→ Assignment: Reproduction of part of the material below, pictures omitted: copy exactly, and only, the lines starting with the one with "TOP >棚ダボ >SSシリーズ(ネジ込み)" and going on through the one with "w/Adobe Photoshop color.".

→ Source information:
*** Block opens ***

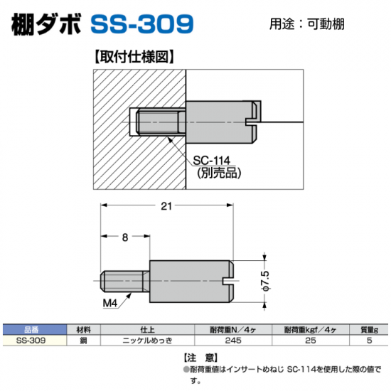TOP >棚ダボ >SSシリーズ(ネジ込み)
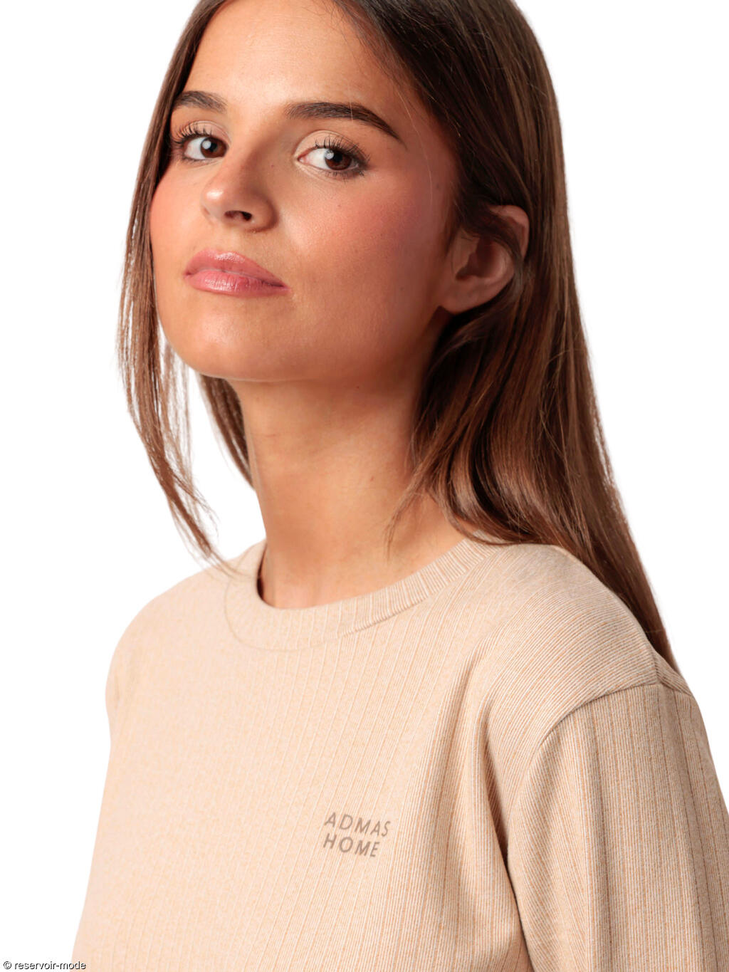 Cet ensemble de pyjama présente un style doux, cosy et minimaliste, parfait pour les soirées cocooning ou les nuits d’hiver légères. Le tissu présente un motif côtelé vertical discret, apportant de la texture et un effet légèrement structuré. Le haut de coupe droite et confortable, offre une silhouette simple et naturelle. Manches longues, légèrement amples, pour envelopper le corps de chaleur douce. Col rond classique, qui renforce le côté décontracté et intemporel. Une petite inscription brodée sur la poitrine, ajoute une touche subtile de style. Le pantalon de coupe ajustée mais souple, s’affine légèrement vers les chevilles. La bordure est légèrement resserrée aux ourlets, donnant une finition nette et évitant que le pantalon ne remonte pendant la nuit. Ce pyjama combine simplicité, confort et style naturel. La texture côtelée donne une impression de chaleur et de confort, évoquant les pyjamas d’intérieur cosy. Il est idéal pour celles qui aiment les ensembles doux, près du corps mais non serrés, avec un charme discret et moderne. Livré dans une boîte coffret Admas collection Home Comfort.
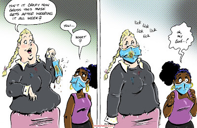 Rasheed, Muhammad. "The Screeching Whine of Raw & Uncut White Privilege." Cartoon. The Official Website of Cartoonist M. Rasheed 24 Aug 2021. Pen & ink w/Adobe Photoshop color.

*** Block closes ***
*** Block opens ***

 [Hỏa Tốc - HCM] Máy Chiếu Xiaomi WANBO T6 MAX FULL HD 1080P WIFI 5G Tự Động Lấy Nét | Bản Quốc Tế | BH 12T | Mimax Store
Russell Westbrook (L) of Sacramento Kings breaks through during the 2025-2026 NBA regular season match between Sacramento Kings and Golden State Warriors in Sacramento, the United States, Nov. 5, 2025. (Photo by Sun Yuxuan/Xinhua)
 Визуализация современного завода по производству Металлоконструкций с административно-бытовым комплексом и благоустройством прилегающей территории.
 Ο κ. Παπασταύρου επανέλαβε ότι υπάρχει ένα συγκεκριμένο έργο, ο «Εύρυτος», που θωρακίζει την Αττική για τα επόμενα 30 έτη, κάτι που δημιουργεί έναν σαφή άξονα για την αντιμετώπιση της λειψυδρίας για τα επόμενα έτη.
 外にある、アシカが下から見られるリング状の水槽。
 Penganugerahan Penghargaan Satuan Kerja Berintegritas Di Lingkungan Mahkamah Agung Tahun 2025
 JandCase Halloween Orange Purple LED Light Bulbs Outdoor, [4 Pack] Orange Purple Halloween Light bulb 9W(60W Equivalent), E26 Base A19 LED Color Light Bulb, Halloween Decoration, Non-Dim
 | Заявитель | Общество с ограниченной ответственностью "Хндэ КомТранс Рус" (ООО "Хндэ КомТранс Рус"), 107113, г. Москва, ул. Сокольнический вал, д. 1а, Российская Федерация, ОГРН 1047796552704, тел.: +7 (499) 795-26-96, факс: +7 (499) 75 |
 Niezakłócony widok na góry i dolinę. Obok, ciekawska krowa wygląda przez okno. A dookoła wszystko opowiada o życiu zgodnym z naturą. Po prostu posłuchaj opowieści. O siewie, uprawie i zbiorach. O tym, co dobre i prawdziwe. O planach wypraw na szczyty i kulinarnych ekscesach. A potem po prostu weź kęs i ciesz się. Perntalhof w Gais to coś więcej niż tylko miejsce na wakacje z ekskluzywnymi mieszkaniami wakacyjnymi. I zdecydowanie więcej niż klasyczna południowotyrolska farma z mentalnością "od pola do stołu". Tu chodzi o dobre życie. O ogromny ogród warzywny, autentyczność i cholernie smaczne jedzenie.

*** Block closes ***
*** Block opens ***

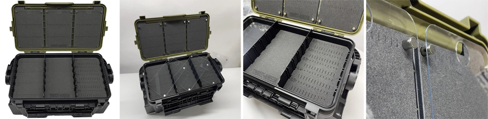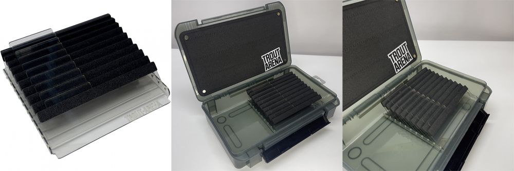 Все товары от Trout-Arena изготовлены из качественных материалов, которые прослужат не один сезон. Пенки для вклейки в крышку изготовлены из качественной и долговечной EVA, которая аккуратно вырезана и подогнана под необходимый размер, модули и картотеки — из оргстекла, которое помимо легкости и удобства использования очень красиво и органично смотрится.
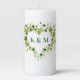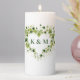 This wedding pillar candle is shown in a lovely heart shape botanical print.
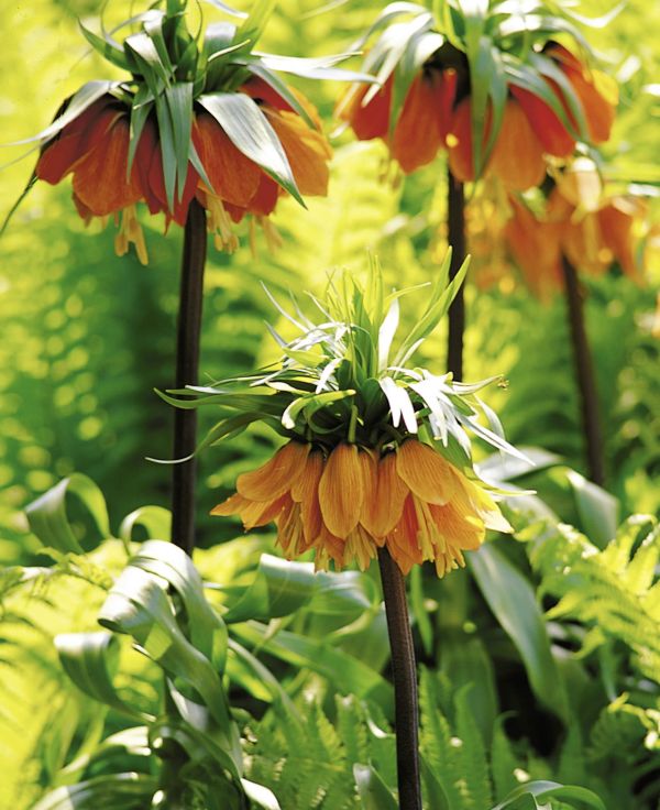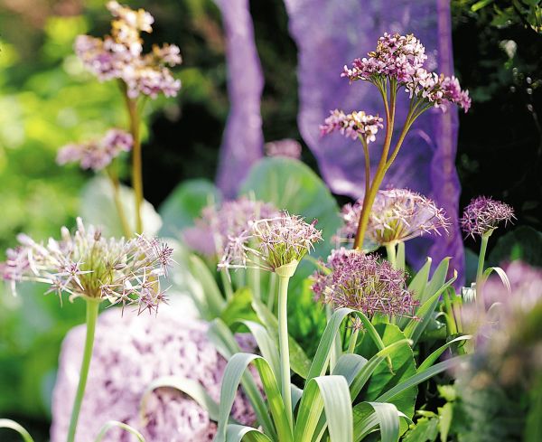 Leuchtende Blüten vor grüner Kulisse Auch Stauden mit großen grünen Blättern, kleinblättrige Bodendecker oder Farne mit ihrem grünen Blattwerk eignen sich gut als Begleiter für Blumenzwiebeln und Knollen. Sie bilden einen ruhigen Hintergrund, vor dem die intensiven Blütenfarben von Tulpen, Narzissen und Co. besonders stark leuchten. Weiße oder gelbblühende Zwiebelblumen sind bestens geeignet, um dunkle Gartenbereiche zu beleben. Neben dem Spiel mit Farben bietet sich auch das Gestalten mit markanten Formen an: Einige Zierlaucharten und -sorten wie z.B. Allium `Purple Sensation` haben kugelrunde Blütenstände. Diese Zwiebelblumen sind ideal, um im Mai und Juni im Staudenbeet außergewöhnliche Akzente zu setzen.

*** Block closes ***

→ Solution below:
TOP >棚ダボ >SSシリーズ(ネジ込み)
 Cet ensemble de pyjama présente un style doux, cosy et minimaliste, parfait pour les soirées cocooning ou les nuits d’hiver légères. Le tissu présente un motif côtelé vertical discret, apportant de la texture et un effet légèrement structuré. Le haut de coupe droite et confortable, offre une silhouette simple et naturelle. Manches longues, légèrement amples, pour envelopper le corps de chaleur douce. Col rond classique, qui renforce le côté décontracté et intemporel. Une petite inscription brodée sur la poitrine, ajoute une touche subtile de style. Le pantalon de coupe ajustée mais souple, s’affine légèrement vers les chevilles. La bordure est légèrement resserrée aux ourlets, donnant une finition nette et évitant que le pantalon ne remonte pendant la nuit. Ce pyjama combine simplicité, confort et style naturel. La texture côtelée donne une impression de chaleur et de confort, évoquant les pyjamas d’intérieur cosy. Il est idéal pour celles qui aiment les ensembles doux, près du corps mais non serrés, avec un charme discret et moderne. Livré dans une boîte coffret Admas collection Home Comfort.
 Rasheed, Muhammad. "The Screeching Whine of Raw & Uncut White Privilege." Cartoon. The Official Website of Cartoonist M. Rasheed 24 Aug 2021. Pen & ink w/Adobe Photoshop color.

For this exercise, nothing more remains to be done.